# Collected data
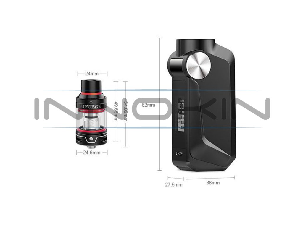 Parametry produktu: Mod VooPoo Mojo: Rozměry: 82 x 27,5 x 38 mmVýstupní výkon: 5 - 88 W Baterie: integrovaná 2600 mAh Dostupné režimy: VW, TC (Ni, Ti, SS)Podporovaný odpor: VW režim: 0,05 - 3,0 ohm TC režim: 0,05 - 1,0 ohmNabíjení: externě nebo USB Nastavení teploty 100 - 315 °C (200 - 600 °F) Výstupní napětí: 0 - 8,5 V Materiál: slitina zinku Závit: 510 Clearomizér UFORCE: Délka: 54 mm Průmer: 24,6 mm Objem: 3,5 ml Materiál: nerezová ocel + borosilikátové sklo Závit: 510 Tento výrobek není určen pro náplně obsahující nikotin. |
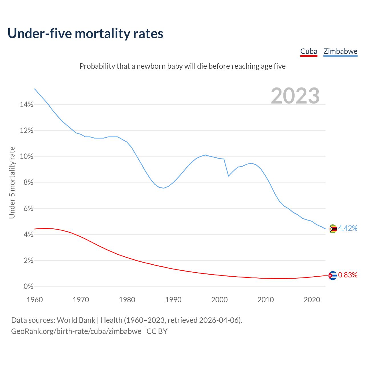 The chance that a newborn baby will die before reaching age five is 0.83% in Cuba and 4.42% in Zimbabwe. Above is a chart with historical data on under-five mortality rates.
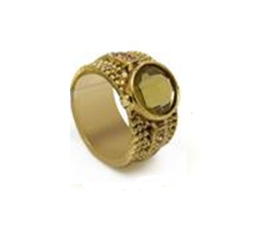 Bonito anillo en baño de oro amarillo de 18 quilates, con cristal olivo, detalles en relieve e incrustaciones de cristales blancos. Fabricado en una estructura de aleación de platino con rodio sin níquel.
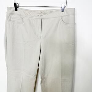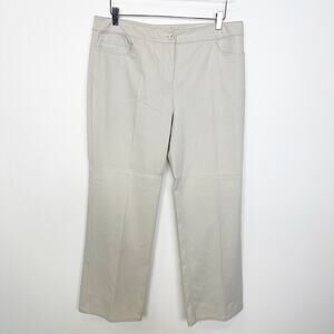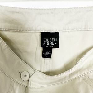 Eileen Fisher Tan Khaki Slacks Pants in women's size Petite Large. Button fly closure. Cotton/Tencel/Spandex blend. Excellent pre-owned condition.
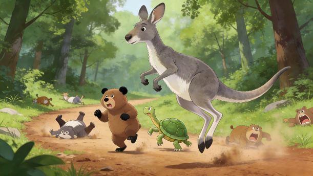 第二个星期,轮到袋鼠上任了。他激动地说:“从现在开始,你们都要跳着走路!”听了袋鼠的话,大家直摇头。可是又不得不服从命令,只好苦练跳的本领。
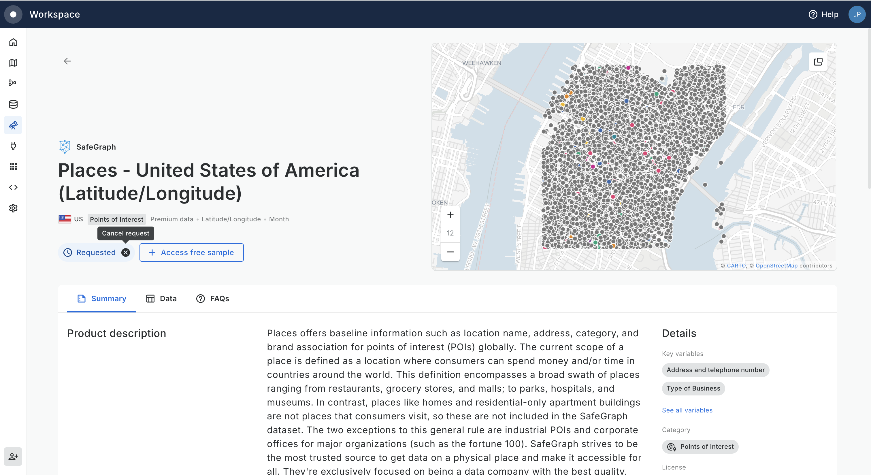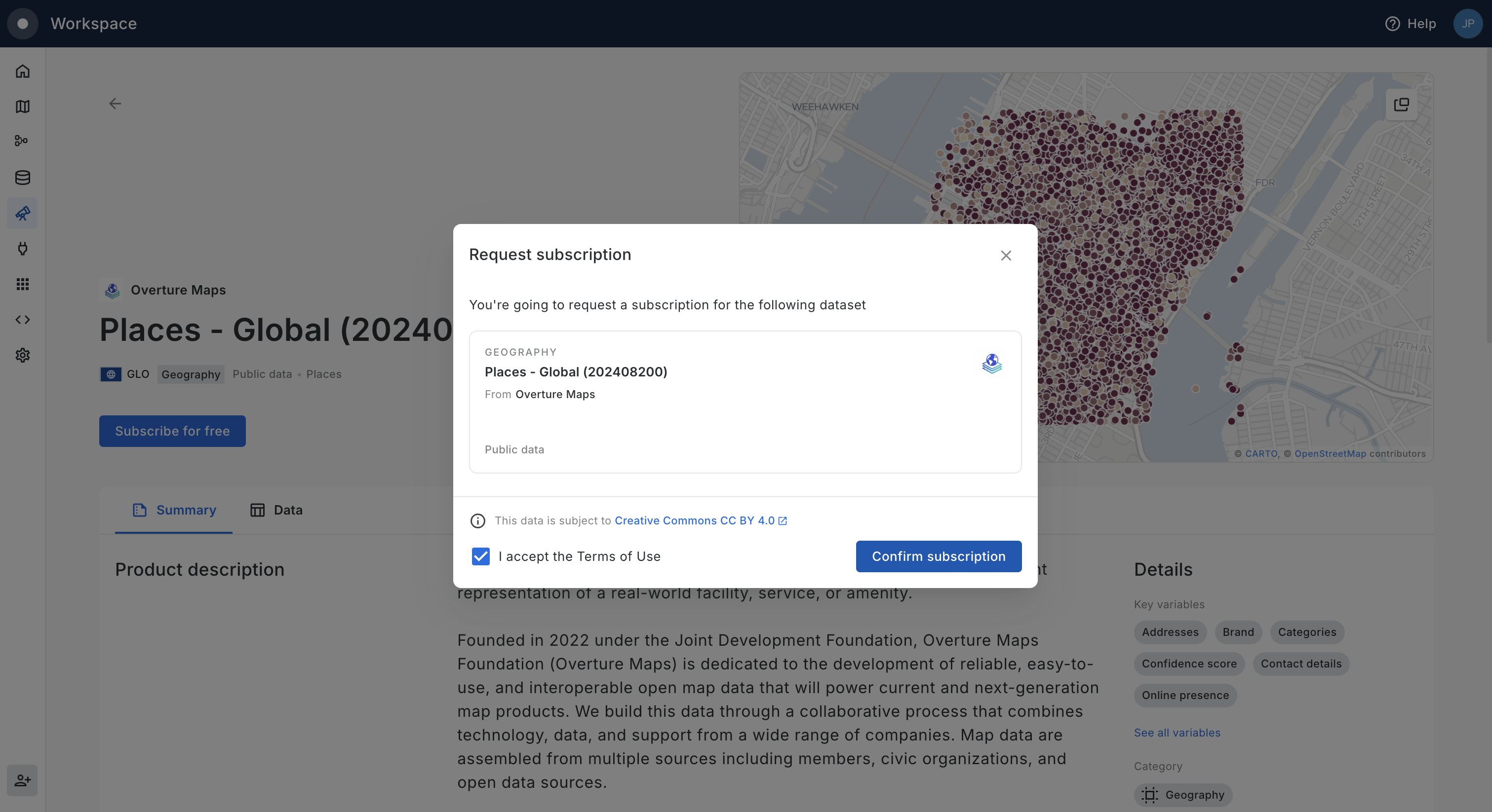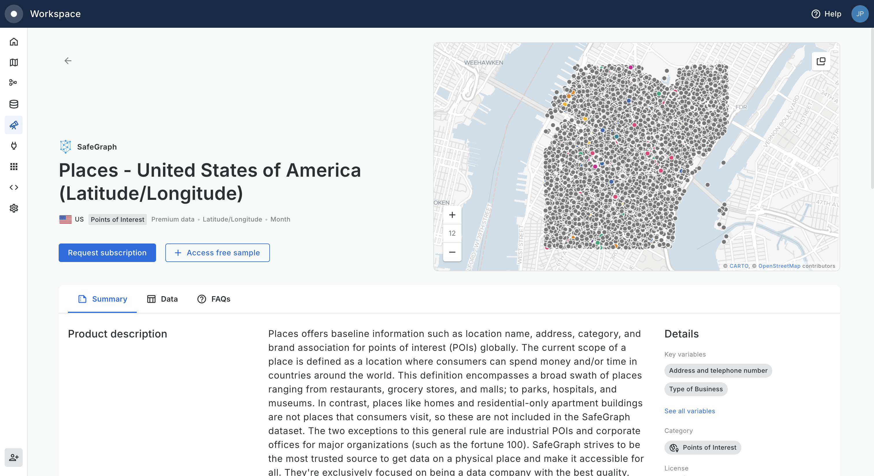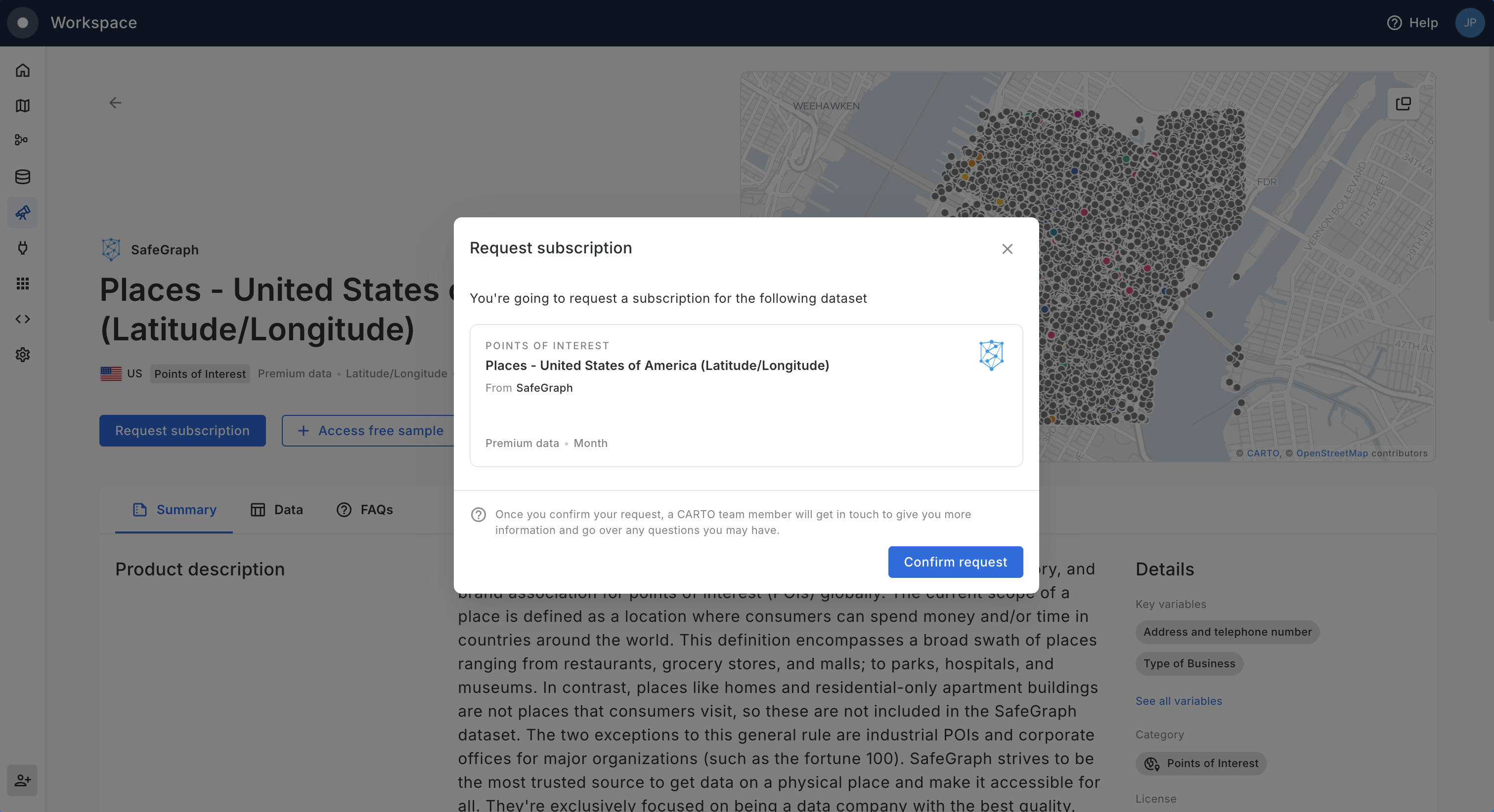 Using the same Data Observatory interface within the CARTO Workspace users can instantly subscribe to any of our public datasets and submit requests to start the licensing process of premium datasets from our vetted data sources.
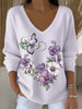 Γυναικείο ιδιοσυγκρασία μωβ λουλούδια πεταλούδα κέντημα V-λαιμό πουλόβερ.
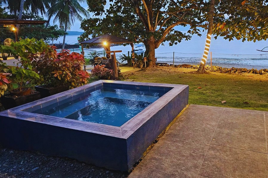 Guests enjoy access to modern amenities including Starlink WiFi, air-conditioned rooms, and an infinity pool overlooking the sea. All rooms are equipped with private bathrooms featuring hot and cold showers, and beddings and towels are provided. A fully equipped kitchen and dining area is available for guests who prefer to cook, or you may opt for gazebo or poolside dining.
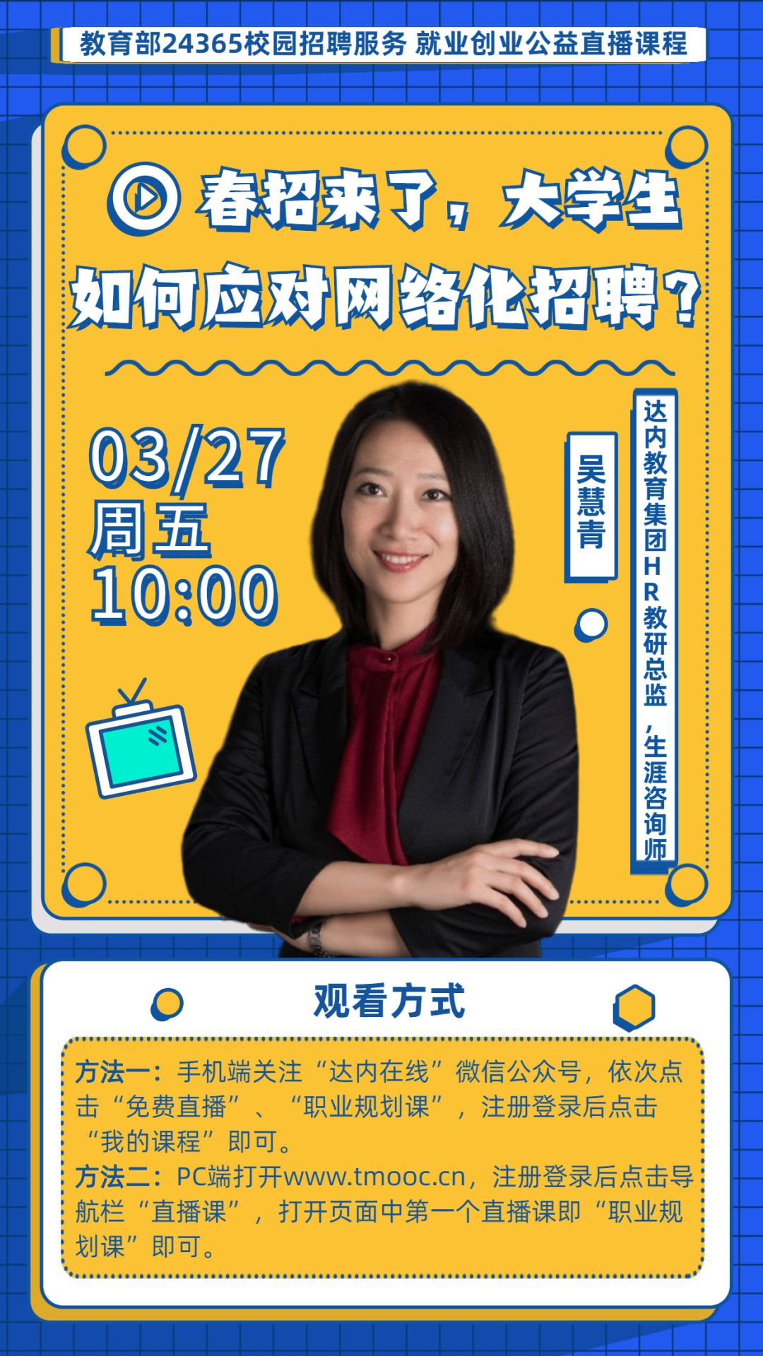 教育部24365校园招聘服务 就业创业公益直播课程(第二期)第一课,3月27日(周五)10:00开讲,敬请关注!
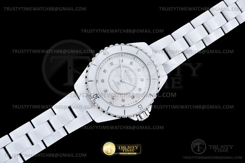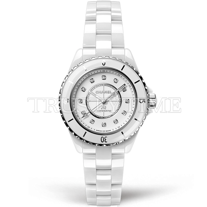 Часы Chanel из коллекции J-12. Классические женские часы Chanel J-12 33 H9741 премиального качества (Артикул магазина: CN-0294) оснащены надежным автоматическим механизмом с автоподзаводом (работает от амплитуды движения руки) калибра 12.2, в котором реализованы следующие функции: часовая, минутная и секундная стрелки, а так же максимально простой функционал без усложнений. Круглый корпус часов белого цвета, имеющий размер 33 мм и высоту 13 мм превосходно дополнит образ и украсит запястье своего обладателя. Для изготовления часов Chanel J-12 33 H9741 предлагаемых в нашем интернет-магазине, применяются керамика высокого качества (Швейцарский стандарт), а так же сапфировое стекло высокой прочности, благодаря чему обеспечивается максимальная защита от сколов и механических повреждений. Отличительной чертой данной модели является белый циферблат, часовые индексы которого обеспечивают камни. Завершает образ керамический браслет белого цвета с фирменной раскладывающейся застежкой Chanel. Водонепроницаемость данной модели составляет 30М (WR30) – допускается минимальное воздействие с водой.
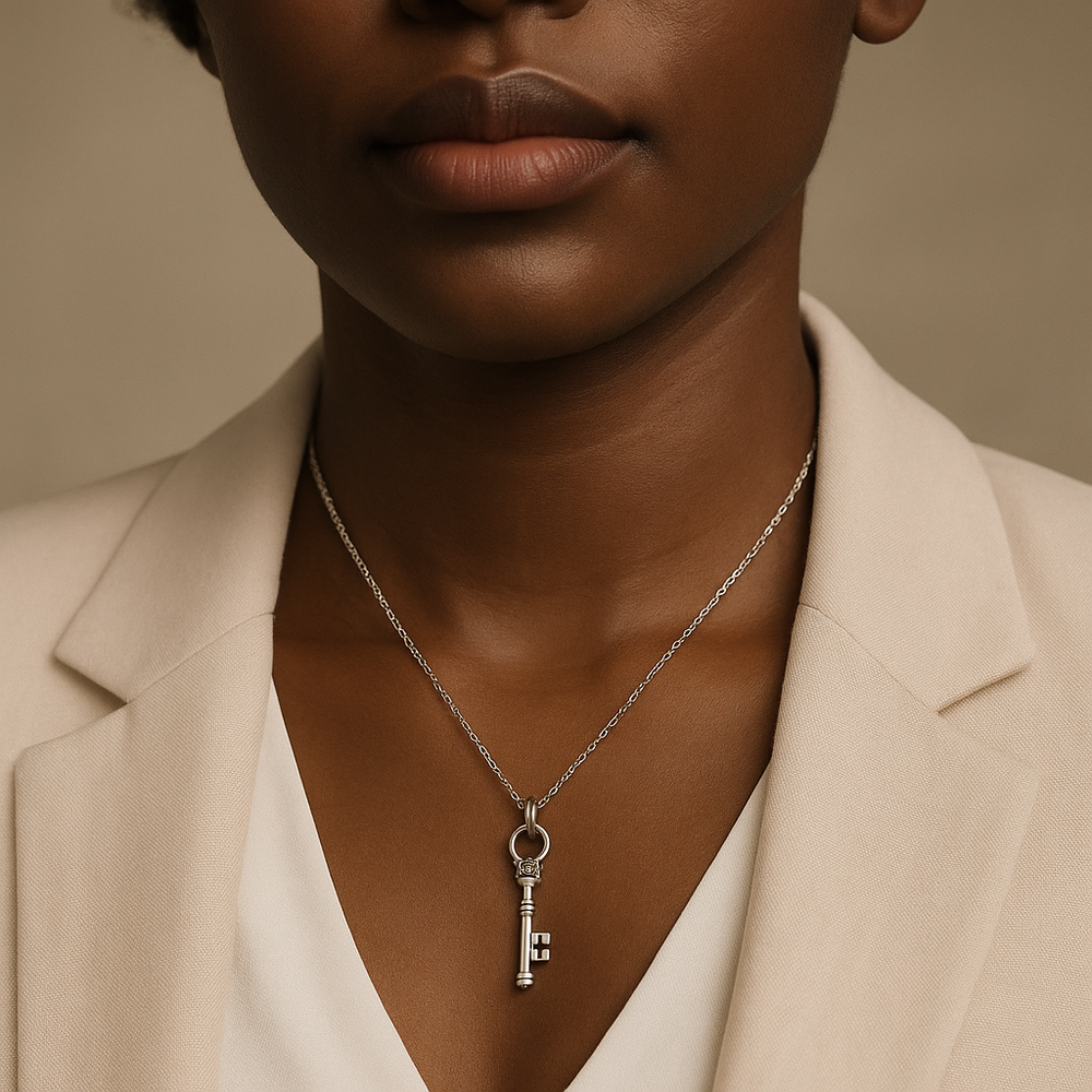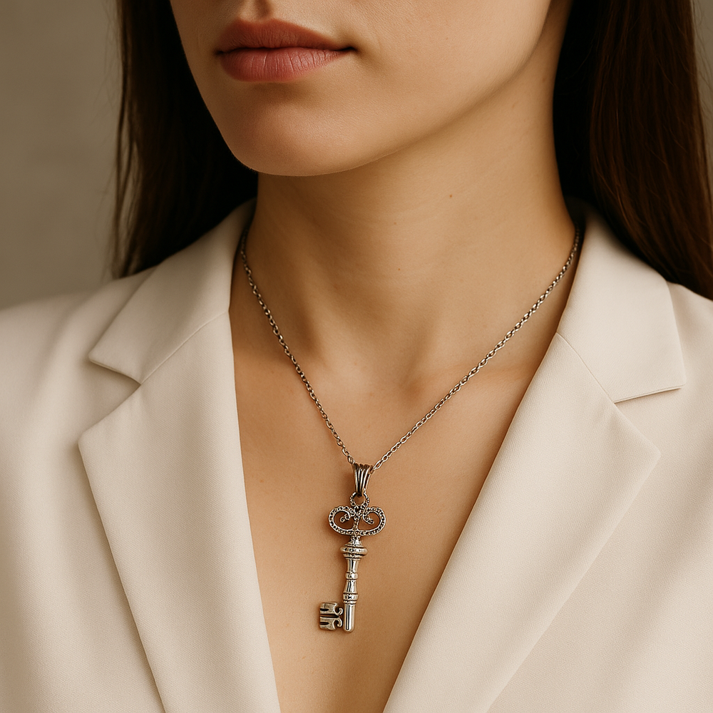 Silver-Colored Key Shaped Brass Pendant - Handcrafted Artisan Jewelry

# Task objective
The pictures stay out; repeat exactly the lines from the one with "Guests enjoy access" to the end of the entries above, and nothing else.

# Result for this exercise
 Guests enjoy access to modern amenities including Starlink WiFi, air-conditioned rooms, and an infinity pool overlooking the sea. All rooms are equipped with private bathrooms featuring hot and cold showers, and beddings and towels are provided. A fully equipped kitchen and dining area is available for guests who prefer to cook, or you may opt for gazebo or poolside dining.
 教育部24365校园招聘服务 就业创业公益直播课程(第二期)第一课,3月27日(周五)10:00开讲,敬请关注!
 Часы Chanel из коллекции J-12. Классические женские часы Chanel J-12 33 H9741 премиального качества (Артикул магазина: CN-0294) оснащены надежным автоматическим механизмом с автоподзаводом (работает от амплитуды движения руки) калибра 12.2, в котором реализованы следующие функции: часовая, минутная и секундная стрелки, а так же максимально простой функционал без усложнений. Круглый корпус часов белого цвета, имеющий размер 33 мм и высоту 13 мм превосходно дополнит образ и украсит запястье своего обладателя. Для изготовления часов Chanel J-12 33 H9741 предлагаемых в нашем интернет-магазине, применяются керамика высокого качества (Швейцарский стандарт), а так же сапфировое стекло высокой прочности, благодаря чему обеспечивается максимальная защита от сколов и механических повреждений. Отличительной чертой данной модели является белый циферблат, часовые индексы которого обеспечивают камни. Завершает образ керамический браслет белого цвета с фирменной раскладывающейся застежкой Chanel. Водонепроницаемость данной модели составляет 30М (WR30) – допускается минимальное воздействие с водой.
 Silver-Colored Key Shaped Brass Pendant - Handcrafted Artisan Jewelry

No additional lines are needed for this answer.